(PhysOrg.com) -- In the first academic study to examine bidding and investment strategies in final-offer arbitration, economists at the University of Arkansas found that it is socially optimal for parties in conflict to make bids publicly observable before deciding how much time, effort and money to invest in building a case. The results provide insight into how final-offer-arbitration procedures might be standardized to minimize inefficient investments and generate moderate bidding behavior.
Final-offer arbitration is a specific type of arbitration in which the parties in conflict are required to submit a final offer, and an arbitrator chooses one of the two offers; there is no splitting the difference. As a high-profile example, Major League Baseball uses this type of arbitration in labor disputes between players and owners.
“The breadth of cases settled by arbitration is rapidly expanding,” said Cary Deck, associate professor of economics in the Sam M. Walton College of Business. “There are good reasons for this. As an alternative to civil litigation, the benefits of arbitration include quicker resolution and substantial savings in time and money. But there really aren’t any standards for how to go about arbitration. This fact, coupled with the increasing reliance on arbitration in practice, necessitates an understanding of the strategies and incentives that the various forms of arbitration may generate.”

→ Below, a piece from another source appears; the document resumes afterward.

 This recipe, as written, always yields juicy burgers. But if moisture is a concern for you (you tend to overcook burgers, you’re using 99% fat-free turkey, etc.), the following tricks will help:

Deck and Amy Farmer, professor of economics in the Walton College, conducted theoretical and controlled laboratory experiments on several final-offer-arbitration scenarios having to do with the timing of offers and when or if disputants observe each other’s offer. As Deck mentioned, the researchers also examined the extent to which the variables of timing and disclosure influenced how much time, money and effort to invest in a case and what kind of offer to make. Some of their findings – most notably that the sharing of bids early in the process, prior to investment, most likely will lead to a mutually optimal settlement – clash with popular arbitration strategies.
“We found that when disputants placed publicly observable bids prior to investing, those bids were less extreme and therefore more moderate, or closer together,” Deck said. “In other words, the parties operated with considerable information about the opposition’s case. So there may be a spirit of cooperation or accountability to reach a mutually acceptable agreement. One might not be surprised that making strategies public will enhance cooperation.”

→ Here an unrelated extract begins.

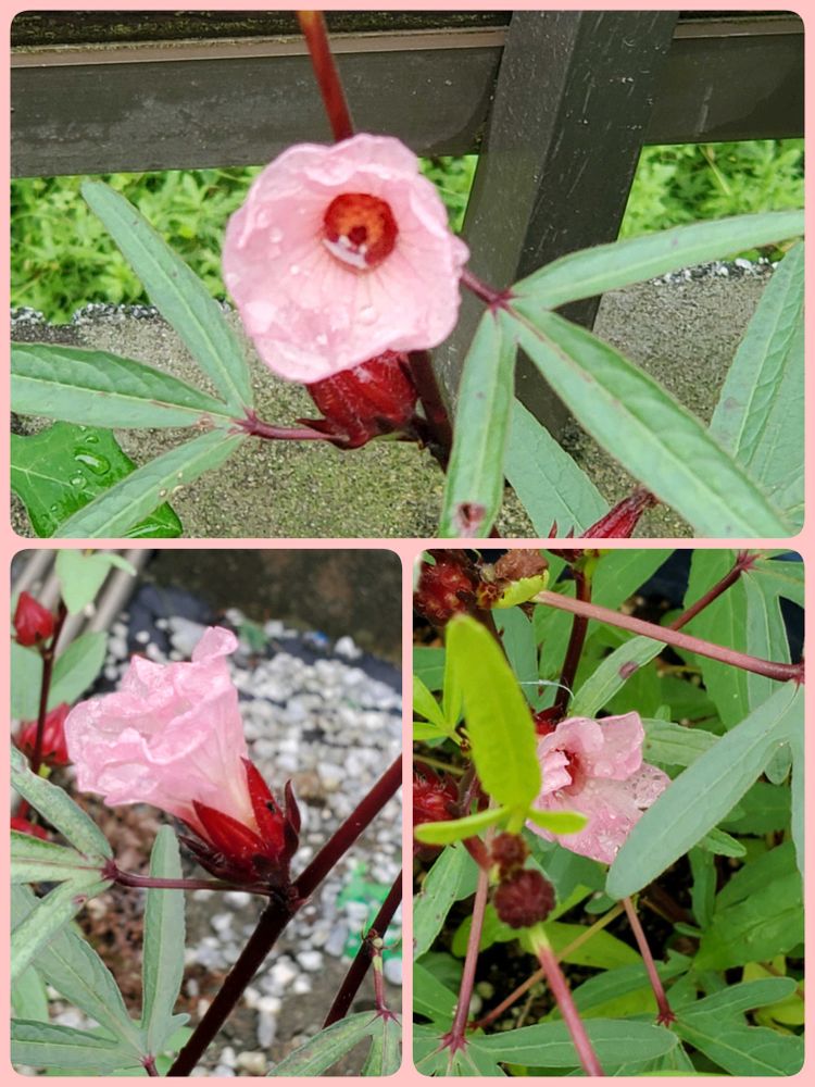 ローゼルは今日はピンクだけ咲いてました~😍

In theoretical tests, the researchers developed four arbitration scenarios: Invest Public, Bid Public, Bid Private and Invest Private. In Invest Public, investments (time, money and effort devoted to building a case) were made and observed by both parties prior to the submission of final offers. Bid Public described a situation in which investments were made after the submission of final offers that were observable by both participants. In Bid Private, investments were made after the submission of final offers that were sealed or otherwise not observable to the parties. Finally, Invest Private was a situation in which bids were made after unobservable investments.

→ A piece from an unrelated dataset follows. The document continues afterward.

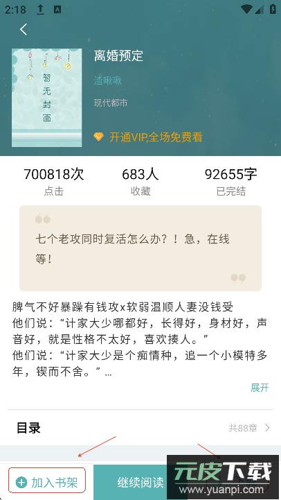 进入小说详情页后,点击“加入书架”可将作品收藏至个人书架;点击“下载”则能将小说保存至本地,实现离线阅读。

In addition the main finding – that publicly observable bids prior to investing were less extreme – laboratory experiments on three of the four theoretical scenarios produced these results:
-- Investments were lower than predicted in all three cases.
-- Bid Private offers were more extreme, or aggressive, than Bid Public offers.
-- Settlement rates were nominally highest (60 percent) in Bid Public and nominally lowest (53 percent) in Bid Private.
The researchers’ study will appear in a forthcoming issue of Journal of Economic Behavior and Organization.